* _MATERIAL FOR THIS TASK_
_ _ _ _ _

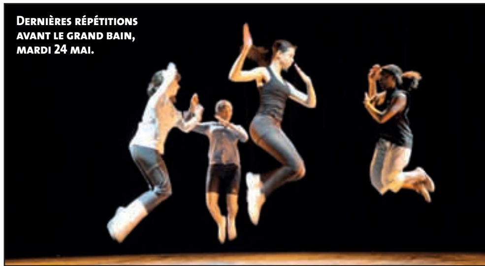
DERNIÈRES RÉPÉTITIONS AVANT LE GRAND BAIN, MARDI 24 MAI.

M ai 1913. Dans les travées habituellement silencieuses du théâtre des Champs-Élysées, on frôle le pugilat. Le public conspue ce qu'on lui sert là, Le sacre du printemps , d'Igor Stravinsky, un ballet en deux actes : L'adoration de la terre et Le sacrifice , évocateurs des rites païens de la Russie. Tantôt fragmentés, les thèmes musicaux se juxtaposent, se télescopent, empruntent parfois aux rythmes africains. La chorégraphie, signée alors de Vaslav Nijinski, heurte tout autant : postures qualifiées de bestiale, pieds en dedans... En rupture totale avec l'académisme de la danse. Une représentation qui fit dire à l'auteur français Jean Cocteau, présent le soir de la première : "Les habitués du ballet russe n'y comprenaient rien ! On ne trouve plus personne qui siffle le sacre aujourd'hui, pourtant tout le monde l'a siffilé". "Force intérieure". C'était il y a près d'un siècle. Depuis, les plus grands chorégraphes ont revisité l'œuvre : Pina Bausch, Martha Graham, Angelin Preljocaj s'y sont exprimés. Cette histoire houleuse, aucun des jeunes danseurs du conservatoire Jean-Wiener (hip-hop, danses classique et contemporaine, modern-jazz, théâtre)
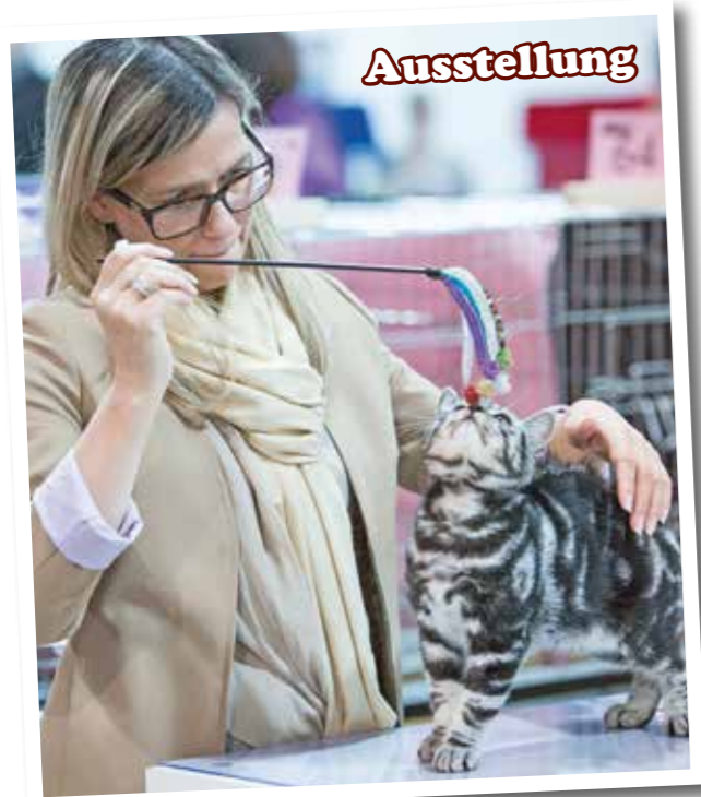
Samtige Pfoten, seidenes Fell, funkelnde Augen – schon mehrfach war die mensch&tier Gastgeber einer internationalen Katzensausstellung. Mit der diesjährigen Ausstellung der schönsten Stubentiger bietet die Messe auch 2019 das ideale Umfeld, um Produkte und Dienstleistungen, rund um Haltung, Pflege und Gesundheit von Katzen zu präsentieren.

_ _ _ _ _

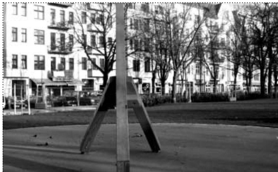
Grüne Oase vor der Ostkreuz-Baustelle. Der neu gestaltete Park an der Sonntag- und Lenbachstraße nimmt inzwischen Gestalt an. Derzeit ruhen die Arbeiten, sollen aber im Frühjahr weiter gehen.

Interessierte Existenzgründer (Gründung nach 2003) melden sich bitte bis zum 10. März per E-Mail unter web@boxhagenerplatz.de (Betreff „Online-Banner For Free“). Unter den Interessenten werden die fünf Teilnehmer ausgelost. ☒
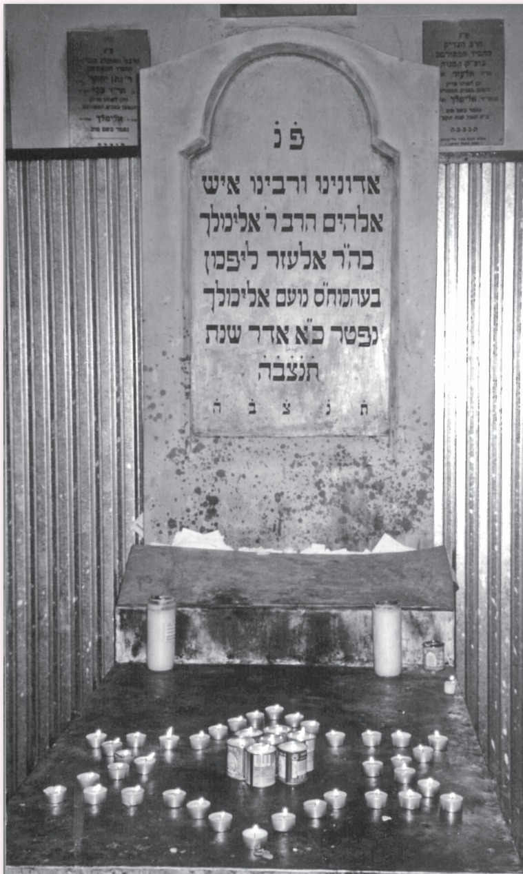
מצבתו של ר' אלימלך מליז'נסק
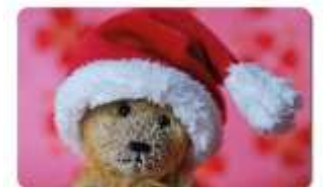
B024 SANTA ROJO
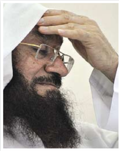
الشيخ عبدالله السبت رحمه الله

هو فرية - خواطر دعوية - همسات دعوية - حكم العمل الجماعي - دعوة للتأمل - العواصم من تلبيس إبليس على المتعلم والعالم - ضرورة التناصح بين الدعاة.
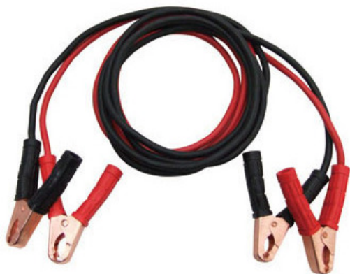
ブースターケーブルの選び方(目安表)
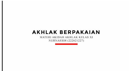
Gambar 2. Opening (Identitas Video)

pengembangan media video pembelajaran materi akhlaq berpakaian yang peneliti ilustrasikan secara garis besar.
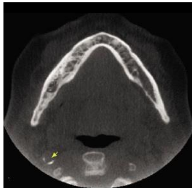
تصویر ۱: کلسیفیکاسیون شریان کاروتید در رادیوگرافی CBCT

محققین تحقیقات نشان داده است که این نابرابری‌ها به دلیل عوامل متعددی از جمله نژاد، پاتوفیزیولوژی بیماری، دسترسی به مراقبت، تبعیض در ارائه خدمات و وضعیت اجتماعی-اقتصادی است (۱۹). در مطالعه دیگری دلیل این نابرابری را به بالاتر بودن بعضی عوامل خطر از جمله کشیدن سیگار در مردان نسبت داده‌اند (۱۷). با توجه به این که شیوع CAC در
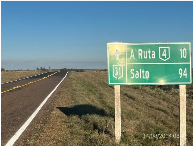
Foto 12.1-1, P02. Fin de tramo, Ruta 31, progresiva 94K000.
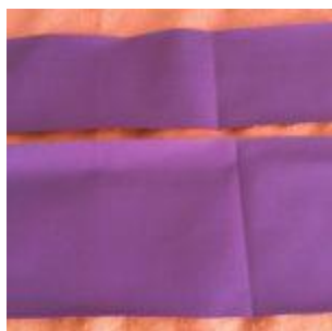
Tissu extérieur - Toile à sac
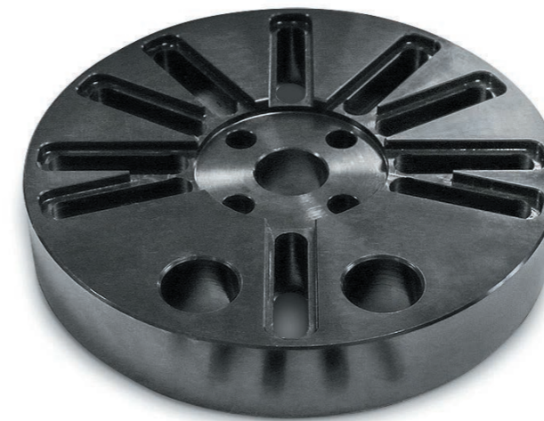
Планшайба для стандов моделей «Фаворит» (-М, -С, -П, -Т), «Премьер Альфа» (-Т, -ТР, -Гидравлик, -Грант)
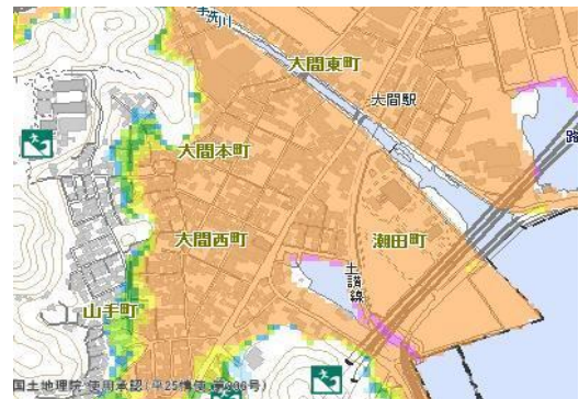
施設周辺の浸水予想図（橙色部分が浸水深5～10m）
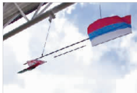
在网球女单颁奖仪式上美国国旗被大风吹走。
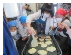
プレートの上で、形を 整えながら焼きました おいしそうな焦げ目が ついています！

_ _ _ _ _

* _WHAT YOU NEED TO DO_
Your answer should be the lines above, word for word, from the line with "محققین تحقیقات نشان" through the line with "プレートの上で、形を 整えながら焼きました おいしそうな焦げ目が ついています！", minus the pictures.

* _YOUR SOLUTION_
محققین تحقیقات نشان داده است که این نابرابری‌ها به دلیل عوامل متعددی از جمله نژاد، پاتوفیزیولوژی بیماری، دسترسی به مراقبت، تبعیض در ارائه خدمات و وضعیت اجتماعی-اقتصادی است (۱۹). در مطالعه دیگری دلیل این نابرابری را به بالاتر بودن بعضی عوامل خطر از جمله کشیدن سیگار در مردان نسبت داده‌اند (۱۷). با توجه به این که شیوع CAC در
Foto 12.1-1, P02. Fin de tramo, Ruta 31, progresiva 94K000.
Tissu extérieur - Toile à sac
Планшайба для стандов моделей «Фаворит» (-М, -С, -П, -Т), «Премьер Альфа» (-Т, -ТР, -Гидравлик, -Грант)
施設周辺の浸水予想図（橙色部分が浸水深5～10m）
在网球女单颁奖仪式上美国国旗被大风吹走。
プレートの上で、形を 整えながら焼きました おいしそうな焦げ目が ついています！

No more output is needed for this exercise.